European Bioinformatics Institute (EMBL-EBI), European Molecular Biology Laboratory, Wellcome Genome Campus, Hinxton, CB10 1SD, UK.
Cancer Research Center (CiC-IBMCC, CSIC/USAL/IBSAL), Consejo Superior de Investigaciones Científicas (CSIC) and Universidad de Salamanca (USAL), 37007, Salamanca, Spain.
BMC Bioinformatics. 2018 Apr 11;19(1):134. doi: 10.1186/s12859-018-2118-1.
Systems biologists study interaction data to understand the behaviour of whole cell systems, and their environment, at a molecular level. In order to effectively achieve this goal, it is critical that researchers have high quality interaction datasets available to them, in a standard data format, and also a suite of tools with which to analyse such data and form experimentally testable hypotheses from them. The PSI-MI XML standard interchange format was initially published in 2004, and expanded in 2007 to enable the download and interchange of molecular interaction data. PSI-XML2.5 was designed to describe experimental data and to date has fulfilled this basic requirement. However, new use cases have arisen that the format cannot properly accommodate. These include data abstracted from more than one publication such as allosteric/cooperative interactions and protein complexes, dynamic interactions and the need to link kinetic and affinity data to specific mutational changes.

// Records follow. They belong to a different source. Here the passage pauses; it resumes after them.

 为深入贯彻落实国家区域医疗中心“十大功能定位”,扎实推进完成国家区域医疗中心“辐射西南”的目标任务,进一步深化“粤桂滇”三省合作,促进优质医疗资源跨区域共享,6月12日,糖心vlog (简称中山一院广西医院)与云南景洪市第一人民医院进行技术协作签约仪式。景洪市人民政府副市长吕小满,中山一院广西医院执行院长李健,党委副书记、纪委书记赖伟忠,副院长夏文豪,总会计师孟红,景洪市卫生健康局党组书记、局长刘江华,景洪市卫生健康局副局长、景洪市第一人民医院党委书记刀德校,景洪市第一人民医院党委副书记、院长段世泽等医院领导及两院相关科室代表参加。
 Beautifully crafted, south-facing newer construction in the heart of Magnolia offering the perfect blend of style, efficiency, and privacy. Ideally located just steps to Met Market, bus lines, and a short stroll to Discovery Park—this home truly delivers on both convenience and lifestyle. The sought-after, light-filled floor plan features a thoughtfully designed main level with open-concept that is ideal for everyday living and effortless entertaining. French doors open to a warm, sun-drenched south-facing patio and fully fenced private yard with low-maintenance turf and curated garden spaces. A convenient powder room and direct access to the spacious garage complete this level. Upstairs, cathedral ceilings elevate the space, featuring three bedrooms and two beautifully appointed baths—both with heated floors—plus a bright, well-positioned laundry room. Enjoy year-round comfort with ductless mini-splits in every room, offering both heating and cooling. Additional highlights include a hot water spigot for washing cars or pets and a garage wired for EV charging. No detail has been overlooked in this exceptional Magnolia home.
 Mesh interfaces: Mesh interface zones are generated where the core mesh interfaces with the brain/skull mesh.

The Molecular Interaction workgroup of the HUPO-PSI has extended the existing, well-used XML interchange format for molecular interaction data to meet new use cases and enable the capture of new data types, following extensive community consultation. PSI-MI XML3.0 expands the capabilities of the format beyond simple experimental data, with a concomitant update of the tool suite which serves this format. The format has been implemented by key data producers such as the International Molecular Exchange (IMEx) Consortium of protein interaction databases and the Complex Portal.
PSI-MI XML3.0 has been developed by the data producers, data users, tool developers and database providers who constitute the PSI-MI workgroup. This group now actively supports PSI-MI XML2.5 as the main interchange format for experimental data, PSI-MI XML3.0 which additionally handles more complex data types, and the simpler, tab-delimited MITAB2.5, 2.6 and 2.7 for rapid parsing and download.

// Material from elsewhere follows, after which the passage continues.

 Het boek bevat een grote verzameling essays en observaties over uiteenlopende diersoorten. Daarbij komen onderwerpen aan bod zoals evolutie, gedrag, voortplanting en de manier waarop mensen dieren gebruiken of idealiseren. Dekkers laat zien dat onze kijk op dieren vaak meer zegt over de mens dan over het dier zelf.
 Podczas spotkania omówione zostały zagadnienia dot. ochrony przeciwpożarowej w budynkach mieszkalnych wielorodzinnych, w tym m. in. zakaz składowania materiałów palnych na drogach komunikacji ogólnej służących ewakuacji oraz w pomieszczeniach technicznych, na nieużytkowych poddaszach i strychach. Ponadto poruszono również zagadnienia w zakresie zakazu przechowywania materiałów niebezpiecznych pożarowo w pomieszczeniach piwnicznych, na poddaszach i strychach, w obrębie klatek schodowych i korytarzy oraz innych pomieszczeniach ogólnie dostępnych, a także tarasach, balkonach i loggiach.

系统生物学家研究相互作用数据,以便在分子水平上了解整个细胞系统及其环境的行为。为了有效地实现这一目标,研究人员拥有高质量的相互作用数据集是至关重要的,这些数据集应采用标准数据格式,并配备一套工具,以便分析这些数据并从中形成可通过实验验证的假设。PSI-MI XML 标准交换格式最初于 2004 年发布,并于 2007 年进行了扩展,以实现分子相互作用数据的下载和交换。PSI-XML2.5 的设计目的是描述实验数据,迄今为止,它已经满足了这一基本要求。然而,新的用例出现了,格式无法正确容纳。这些用例包括从不止一篇文献中提取的数据,例如变构/协同相互作用和蛋白质复合物、动态相互作用以及将动力学和亲和力数据与特定突变变化联系起来的需求。

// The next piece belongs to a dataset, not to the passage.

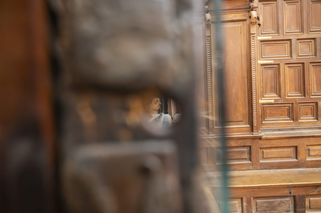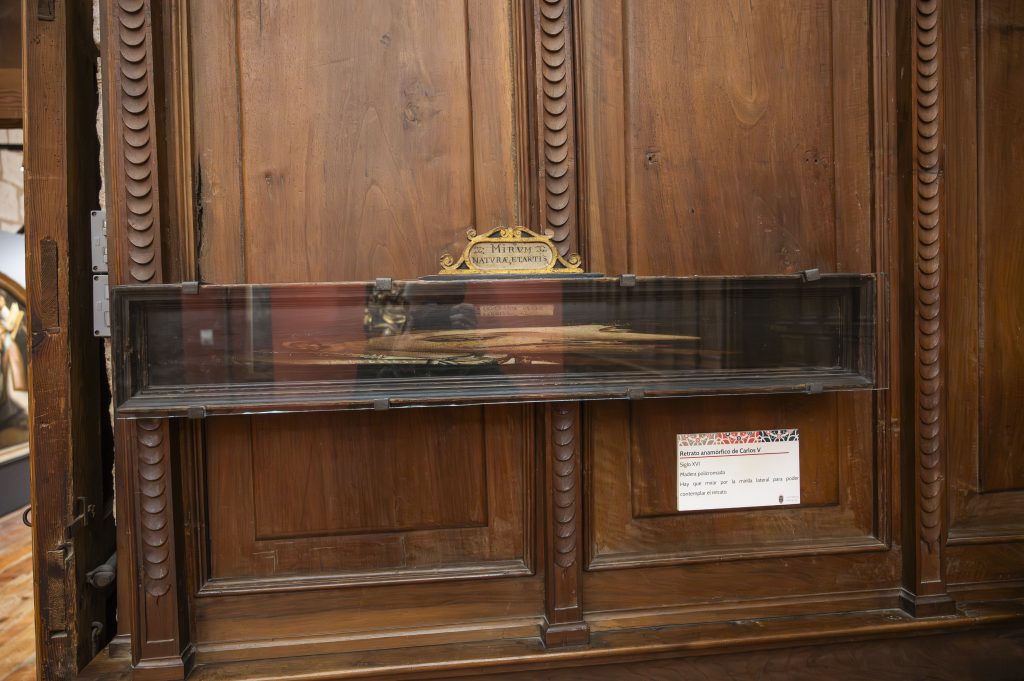 Ocurrió que entré a visitar al catedral de Palencia. Preciosa; recomendable a cualquiera con independencia de su edad, sexo o condición. Todo un monumento hermoso y bien cuidado. Y dentro una pequeña-gran sorpresa que no pude imaginar: en una especie de cartela, adherido a una de las puertas interiores de la basílica se podía apreciar un extraño objeto, una pequeña caja alargada cubierta con un cristal transparente que permitía ver en su interior una imagen distorsionada e irreconocible. Una tarjeta bajo ella invitaba a observar la caja lateralmente a través de un orificio en lugar de abordarla frontalmente. Y eso hice.El resultado de la observación (en este caso una fotografía a través del orificio lateral) me pareció algo confuso en primera instancia, pero estaba sobre aviso acerca de lo que iba a contemplar y, así fue. Con una pequeña dilación pude identificar la imagen de una persona que, tal como rezaba la leyenda que sustentaba la tarjeta, se trataba nada más y nada menos que del retrato del rey Carlos I de España y V de Alemania. En definitiva, era un anamorfismo. Había visto en internet otros de pintores profesionales y de callejeros simulando precipicios y mundos imposibles, pero este era el primero que podía contemplar in situ. El artilugio poseía todas las características de ese tipo de encuentros que te alegran el día y lo hacen memorable. «Mirum natura et artis» (Maravilla de la naturaleza y el arte), reza el título de la obra que algunos adjudican a Lucas Cranach, aunque, como en tantas otras técnicas, en esta Leonardo da Vinci fue uno de los pioneros.

HUPO-PSI 的分子相互作用工作组根据广泛的社区咨询,扩展了现有的、广泛使用的分子相互作用数据 XML 交换格式,以满足新的用例,并能够捕获新的数据类型。PSI-MI XML3.0 扩展了格式的功能,超越了简单的实验数据,同时对服务于该格式的工具套件进行了相应更新。该格式已由关键数据生成者实施,例如蛋白质相互作用数据库的国际分子交换 (IMEx) 联盟和复合物门户。
PSI-MI XML3.0 是由构成 PSI-MI 工作组的数据生成者、数据使用者、工具开发人员和数据库提供商开发的。该工作组现在积极支持 PSI-MI XML2.5 作为实验数据的主要交换格式、PSI-MI XML3.0 作为处理更复杂数据类型的格式,以及更简单的、以制表符分隔的 MITAB2.5、2.6 和 2.7 格式,用于快速解析和下载。